A Yankees Fan Who's Glad the Red Sox Won
I am a New York Yankees fan and have been one all my life. I grew up in New York and now live in Massachusetts, a place where that admission is akin to walking up to a biker bar and kicking over the row of motorcycles out front. Nevertheless, professional sports is solidly at the bottom of my list of things that are important in life. Sports, including baseball, generally has very little impact on my life or the lives of anyone I care about in the least. Still, I'm a Yankees fan. This year, I'm a Yankees fan who's glad that the Red Sox have won the World Series.
Why this bit of baseball blasphemy? Because the alternative was the Colorado Rockies, and that team stood against something that I do consider important: reason. They've been the self-designated Official Team of Jesus for some time now. If you want to get me to not like you, tell me that God's on your side. Check out this article from Time:
Does Jesus Wear Purple Pinstripes?Given a choice between the arch-rivals of the New York Yankees and the arch-rivals of reason and tolerance, I'll take the Red Sox every time.
There's only one baseball team with a full-time chaplain on the payroll. Only one whose team executives are known to hold prayer conferences over the phone. This season they even had a "Faith Day" for fans, featuring Christian bands and players professing their love of the Lord.
They're your Colorado Rockies: National League pennant winners, and World champs when it comes to mixing baseball and God.
A May 2006 story in USA Today first detailed the Christian imprint on the Rockies, whose 21-1 run on the way to the World Series brought a historic high to Colorado. "I don't want to offend anyone," Rockies chairman and CEO Charlie Monfort said at the time, "but I think character-wise we're stronger than anyone in baseball. Christians, and what they've endured, are some of the strongest people in baseball. I believe God sends signs; we're seeing those."
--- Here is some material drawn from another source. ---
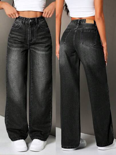 SHEIN Tall 女士做旧褪色牛仔裤 - 黑色 - 查看 1

...the Rockies stand out for openly touting Christian values — as they define it, strong character and a moral compass — as a guiding organizational philosophy off the field. Club president Keli McGregor has gone so far as to say that God is "using [The Rockies] in a powerful way."
...In 2005 and 2006, the Rockies had a "Christian Family Day" at Coors Field. This season the Rockies renamed the promotion "Faith Day," though there weren't many rabbis or imams at the park. "To do that to appease other religions is hypocritical to say the least," says [Pastor George] McHendry, who helped organize the event. "It was truly a Christian day."
If I were part of the oh-so-righteous Rockies organization, I'd be asking myself some serious questions about why Jesus decided to give the championship to the Red Sox in a four game sweep. Of course, the fundamentalist idiots who run the team will no doubt come up with some sort of justification that doesn't include the possibility that all the praying and faith and Christian Faith Days don't have anything to do with winning baseball games. It's probably easier for people like these to believe that the Red Sox sold their souls to Satan or are possessed by demons or some such thing. I'd be very surprised to see a glimmer of reason intrude on the thoughts of the true believers in purple pinstripes.
So congratulations to the Red Sox on winning the World Series this year. And as for the Rockies, let me paraphrase Cathy Griffin for a moment. Suck it, Rockies. The Red Sox are your god now.